On 16 October, a teacher, Samuel Paty, was beheaded outside his school in a suburb of Paris after showing his class a controversial set of cartoons of the prophet Muhammad which were republished by the magazine Charlie Hebdo in September.
Two weeks before that, France’s president, Emmanuel Macron, had sparked criticism when he set out a plan to combat “separatism” and claimed that Islam was “experiencing a crisis today, all over the world”.
The former Malaysian leader, who was prime minister from 2018 until March this year, commented on the murder on Thursday by arguing that Muslims would not approve of the killing but warned that France should “not show disrespect for the values of others”.
“Macron is not showing that he is civilised. He is very primitive in blaming the religion of Islam and Muslims for the killing of the insulting school teacher,” Mr Mahathir said.
“It is not in keeping with the teachings of Islam.”
He added: “But irrespective of the religion professed, angry people kill. The French in the course of their history have killed millions of people. Many were Muslims.
“Muslims have a right to be angry and to kill millions of French people for the massacres of the past.
“But by and large, the Muslims have not applied the ‘eye for an eye’ law. Muslims don’t. The French shouldn’t. Instead the French should teach their people to respect other people’s feelings.”
Mr Mahathir’s statement led to widespread calls for Twitter to remove his posts, with some users describing them as an incitement to violence.
“Take this down urgently, @TwitterSupport,” Brian Klaas, an associate professor in global politics at University College London, wrote in response to the tweets.
“It's an incitement to mass killing by a former prime minister of Malaysia with more than a million followers. How has this been allowed to stay up for over an hour?!”
One of the tweets has since been taken down for violating Twitter’s rules.
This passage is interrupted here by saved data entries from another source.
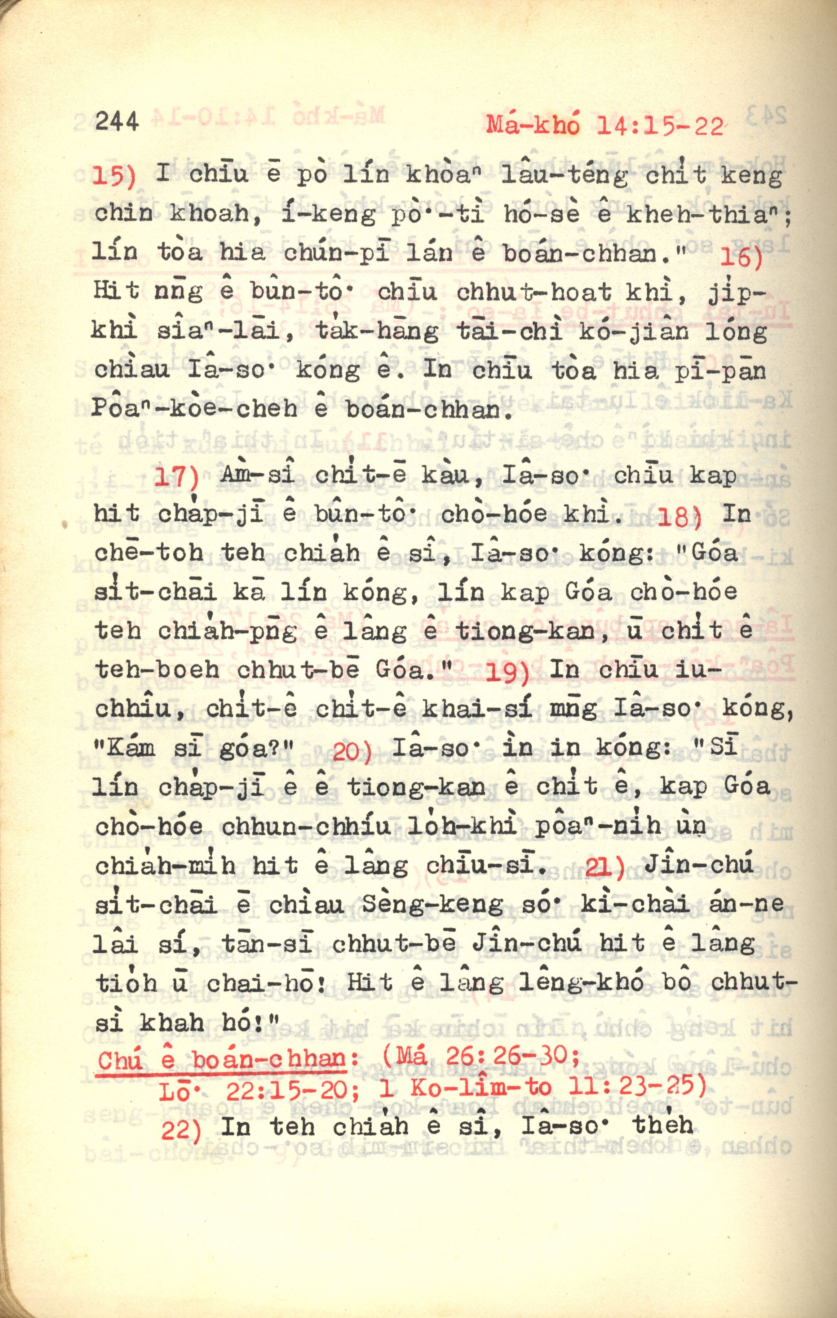 1972年新約紅皮聖經 馬可福音 14 章 15 節到 14 章 22 節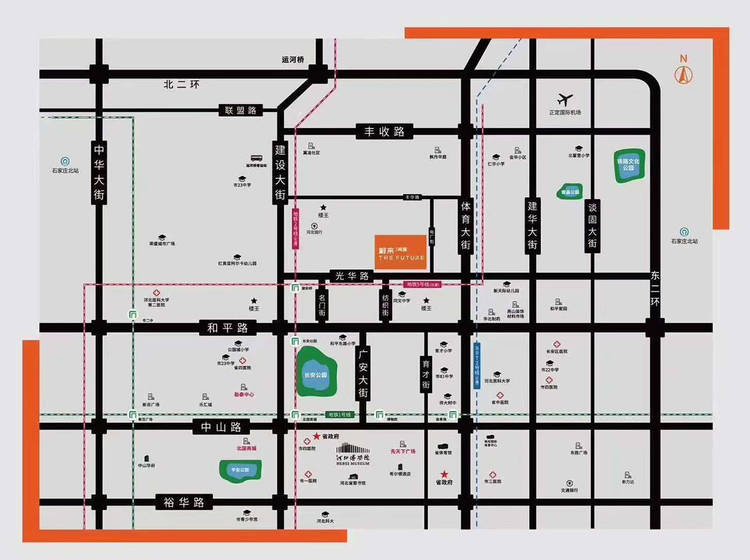 毗邻2号、5号线地铁(规划中)线,体育大街、建设大街、和平路……四横六纵立体路网一站尽享,机场、火车站畅通无阻,拯救各种急脾气,生活工作快人一步。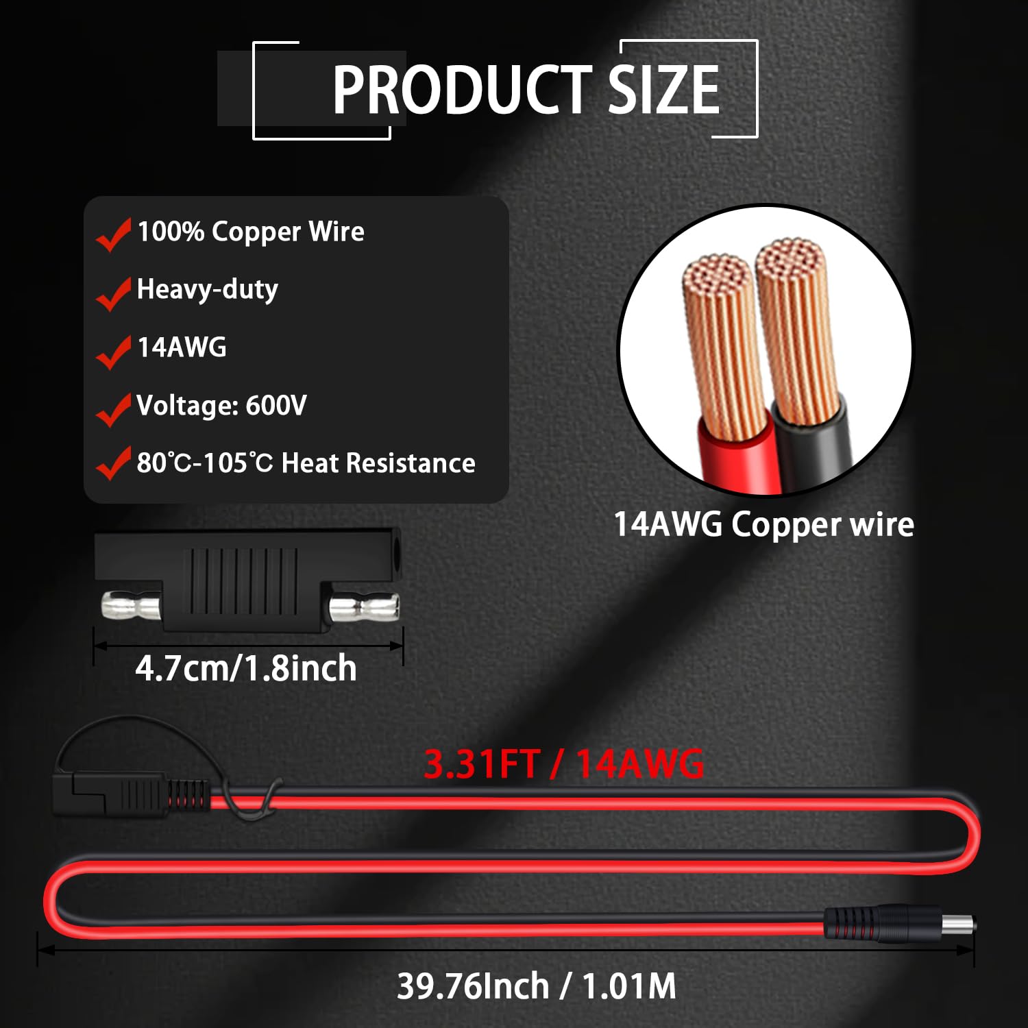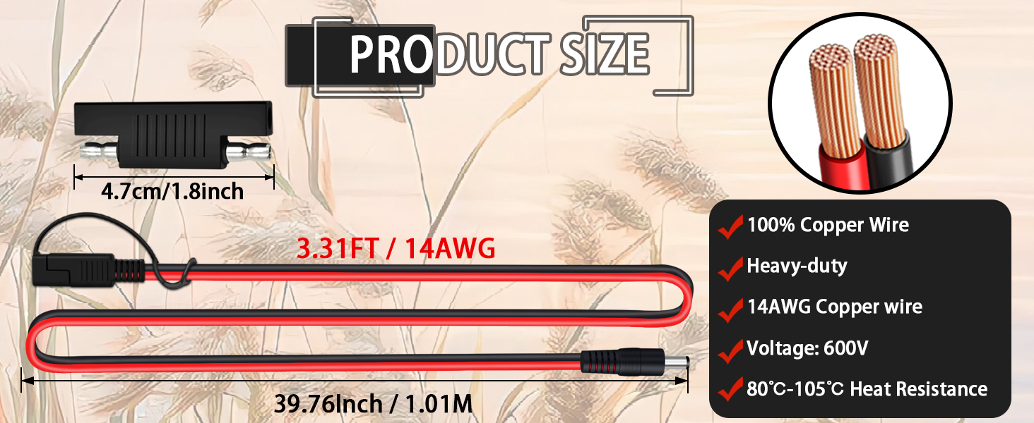 『Parameters』Length(including SAE connector): 3.31ft(1.01m), Gauge: SPT-2 14AWG/2C copper wire, Rated Current-10A,Rated Voltage-12V. The cable works with the 12-24V device with a rated power of 180W or 15A.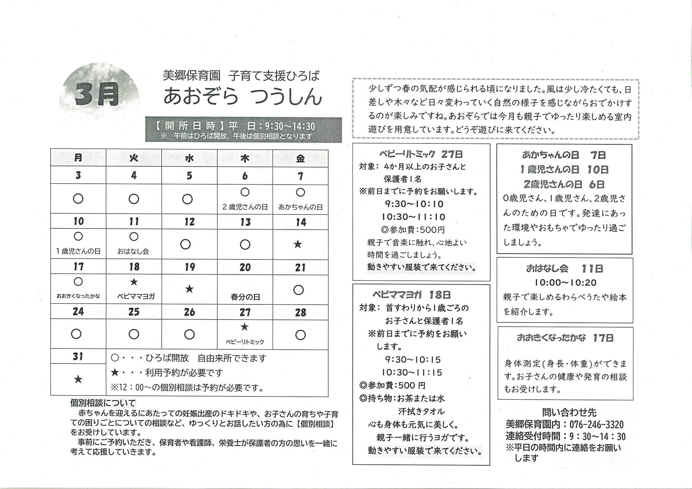 3月美郷保育園子育て支援ひろばあおぞらつうしん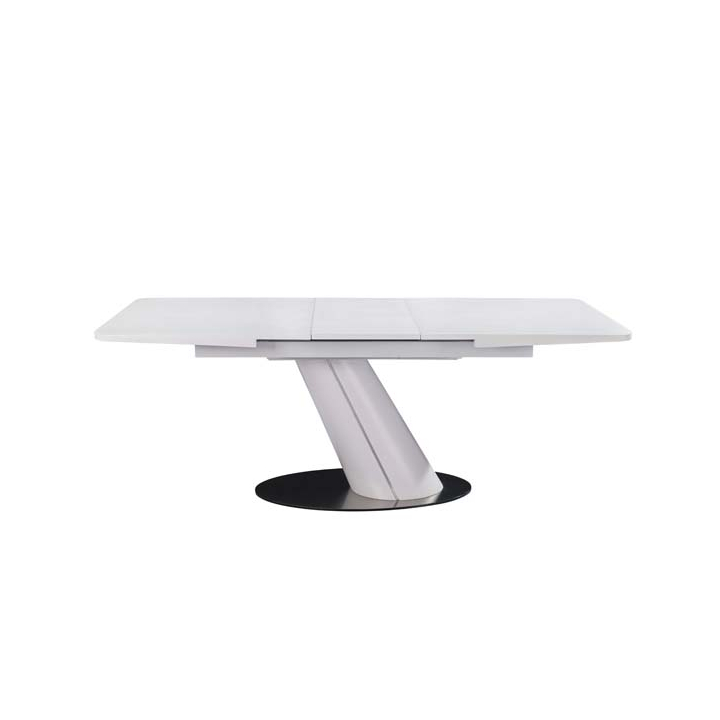 Модерна и стилна разтегателна трапезна маса с размери Ш:160-200/Д:90/В:76 см. Моделът ще ви очарова със своята съвременна и елегантна форма, както и функционалност. Плотът на масата е с 5 мм сатинирано бяло стъкло, на който може да бъдат настанени от 4 до 8 човека. Трапезната маса е произведена от MDF цялостно декорирана в бял мат, поставена на овална метална основа.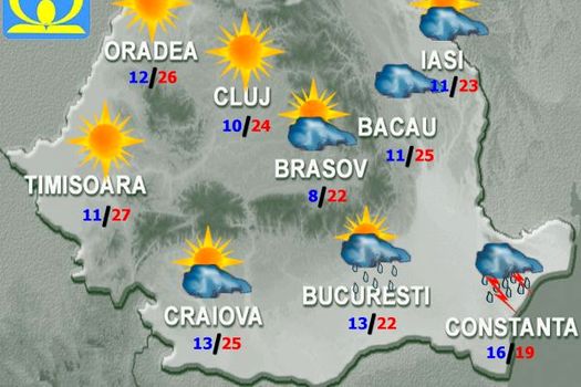 Vremea va fi în general frumoasă în cursul zilei, cu cer variabil şi ploi de scurtă durată în special în zonele de munte. Începând cu orele serii instabilitatea atmosferică se va accentua şi vor fi înnorări, averse, descărcări electrice şi intensificări de scurtă durată ale vântului în Maramureş, cea mai mare parte a Transilvaniei şi Moldovei, precum şi la munte şi pe arii restrânse în celelalte regiuni. Vor fi condiţii de grindină, iar izolat cantităţile de apă vor fi însemnate. Temperaturile maxime, mai ridicate decât în ziua precedentă, vor fi cuprinse între 22…23 de grade în estul Transilvaniei şi 30 de grade, izolat în Oltenia, iar cele minime se vor situa, între 9 şi 18 grade. Dimineaţa, izolat vor fi condiţii de ceaţă.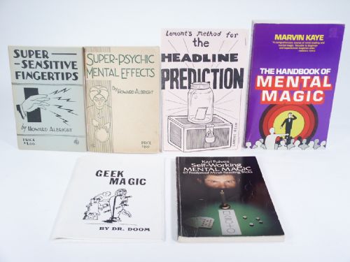 *Super-Psychic Mental Effects by Howard Albright *Super Sensitive Fingertips by Howard Albright *Geek Magic by Dr. Doom *Lamonts Method For Headline Prediction by Lamont Ream *Karl Fulves Self-Working Mental Magic *The Handbook Of Mental Magic by Marvin Kaye

Mr Mahathir’s comments come at a time of heightened tension between Mr Macron’s government and some Muslims in France and other countries.
The French president’s decision to publicly defend the cartoons of Muhammad, which have caused anger across parts of the Islamic world, has led to calls for a boycott of French products.
On Monday, France’s foreign ministry insisted it was defending freedom of expression and supported Muslims in the country.
A statement from the ministry also claimed that the boycott calls were being “instrumentalised by a radical minority” and should end immediately.